» Required work: Search the listing below for the string "have", then copy every line it appears in.

» Record extracts:
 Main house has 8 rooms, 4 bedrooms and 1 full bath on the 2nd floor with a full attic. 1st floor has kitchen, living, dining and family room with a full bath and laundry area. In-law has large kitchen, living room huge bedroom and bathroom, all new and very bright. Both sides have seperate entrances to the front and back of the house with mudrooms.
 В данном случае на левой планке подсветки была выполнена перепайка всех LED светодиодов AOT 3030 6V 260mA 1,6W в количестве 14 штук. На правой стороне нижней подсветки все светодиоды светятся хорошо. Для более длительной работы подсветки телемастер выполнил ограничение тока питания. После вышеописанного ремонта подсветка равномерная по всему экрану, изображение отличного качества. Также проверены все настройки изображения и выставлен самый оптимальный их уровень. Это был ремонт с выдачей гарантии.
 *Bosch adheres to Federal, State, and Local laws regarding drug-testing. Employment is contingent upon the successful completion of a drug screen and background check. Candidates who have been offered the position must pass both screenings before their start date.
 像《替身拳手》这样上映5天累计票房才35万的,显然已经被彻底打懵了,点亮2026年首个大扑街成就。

---

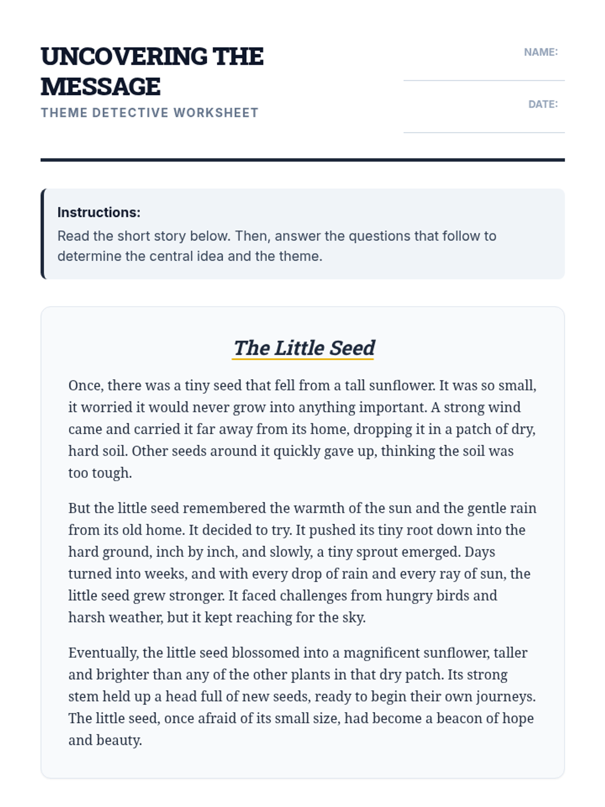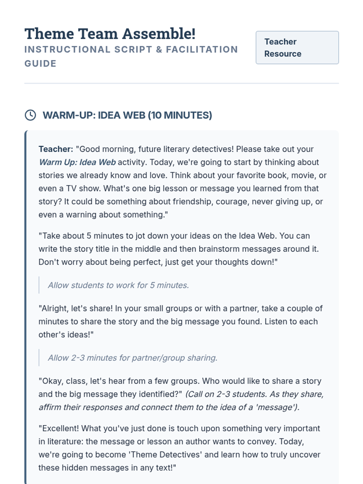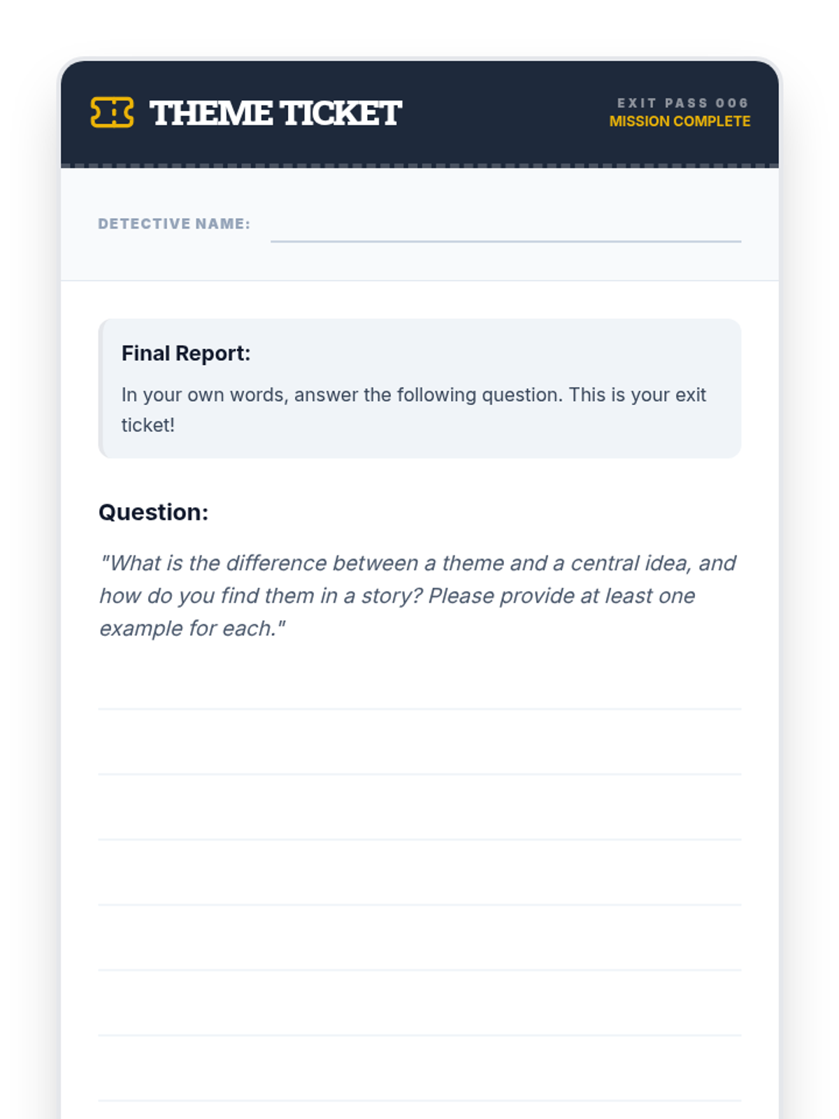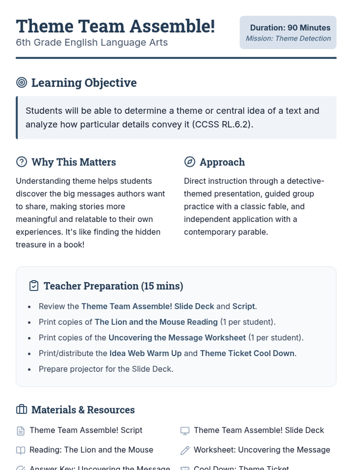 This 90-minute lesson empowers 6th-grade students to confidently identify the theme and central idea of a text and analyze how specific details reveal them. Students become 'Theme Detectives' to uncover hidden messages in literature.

---

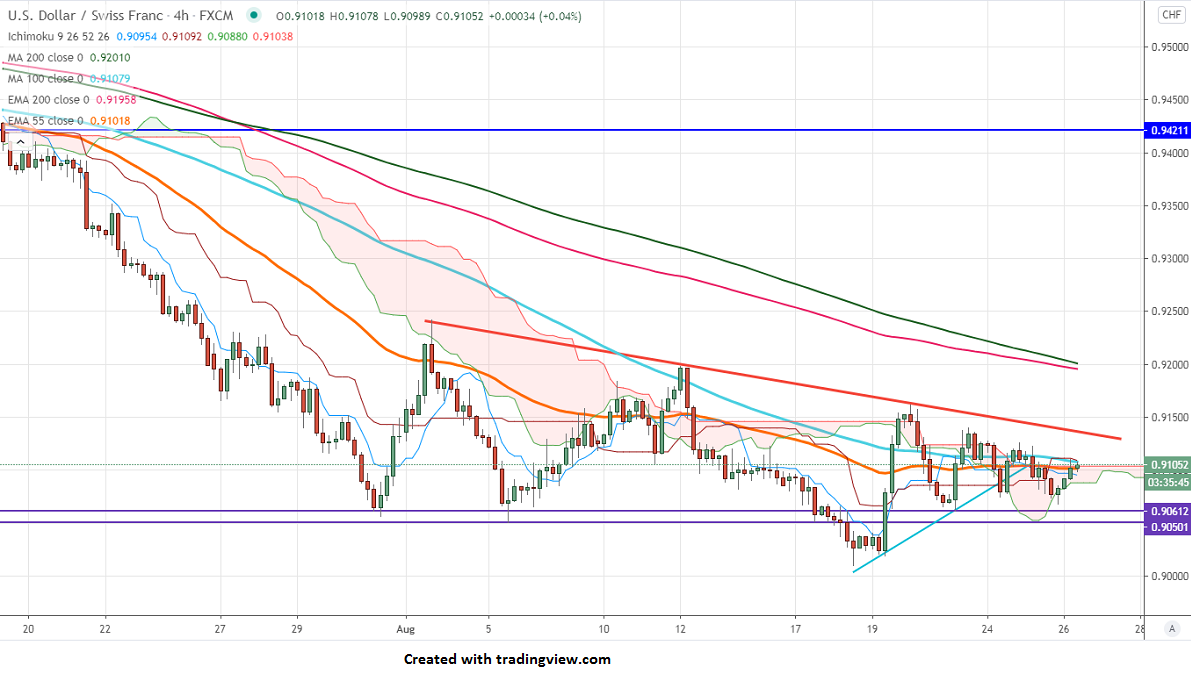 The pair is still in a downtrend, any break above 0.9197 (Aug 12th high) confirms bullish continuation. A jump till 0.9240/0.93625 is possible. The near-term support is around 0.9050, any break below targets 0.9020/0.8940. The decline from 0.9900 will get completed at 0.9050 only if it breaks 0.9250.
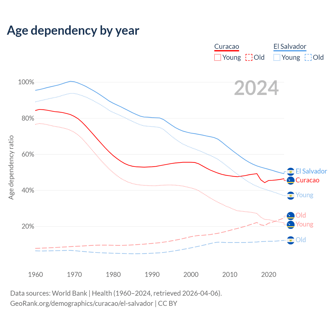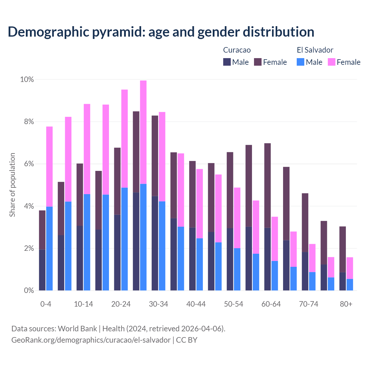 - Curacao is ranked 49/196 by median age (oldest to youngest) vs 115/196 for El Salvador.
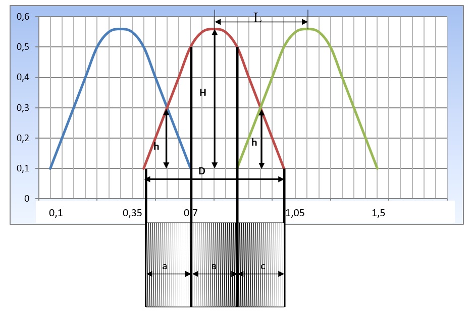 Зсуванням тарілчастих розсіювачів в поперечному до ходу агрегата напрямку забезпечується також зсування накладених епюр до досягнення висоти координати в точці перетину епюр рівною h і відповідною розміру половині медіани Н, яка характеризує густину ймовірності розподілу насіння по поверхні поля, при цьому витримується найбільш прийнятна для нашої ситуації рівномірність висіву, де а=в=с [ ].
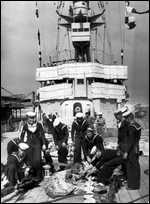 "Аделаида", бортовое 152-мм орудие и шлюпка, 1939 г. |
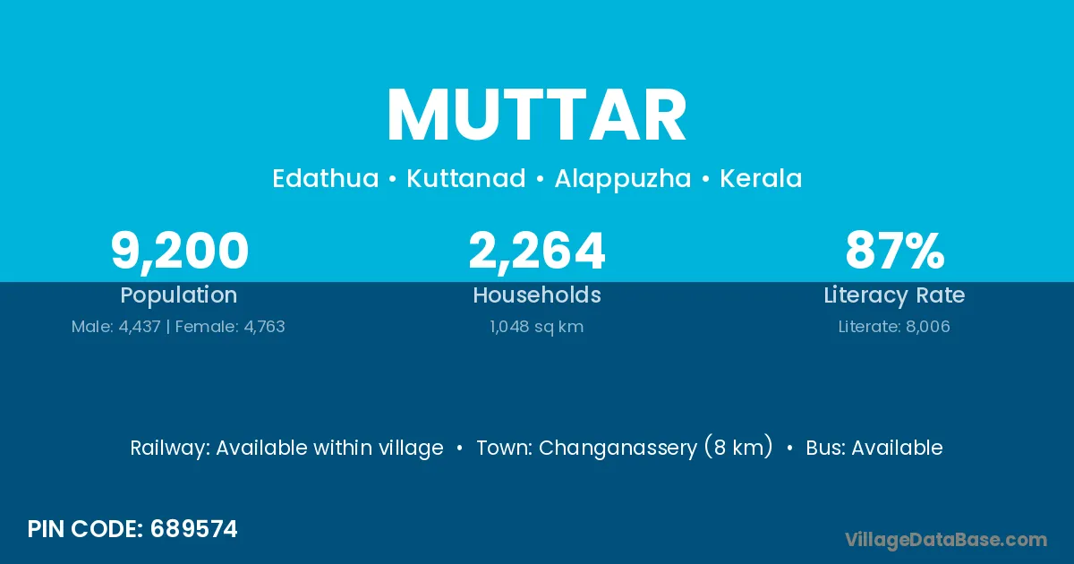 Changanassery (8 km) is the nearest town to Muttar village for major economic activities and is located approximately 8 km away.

» Response:
 Main house has 8 rooms, 4 bedrooms and 1 full bath on the 2nd floor with a full attic. 1st floor has kitchen, living, dining and family room with a full bath and laundry area. In-law has large kitchen, living room huge bedroom and bathroom, all new and very bright. Both sides have seperate entrances to the front and back of the house with mudrooms.
 *Bosch adheres to Federal, State, and Local laws regarding drug-testing. Employment is contingent upon the successful completion of a drug screen and background check. Candidates who have been offered the position must pass both screenings before their start date.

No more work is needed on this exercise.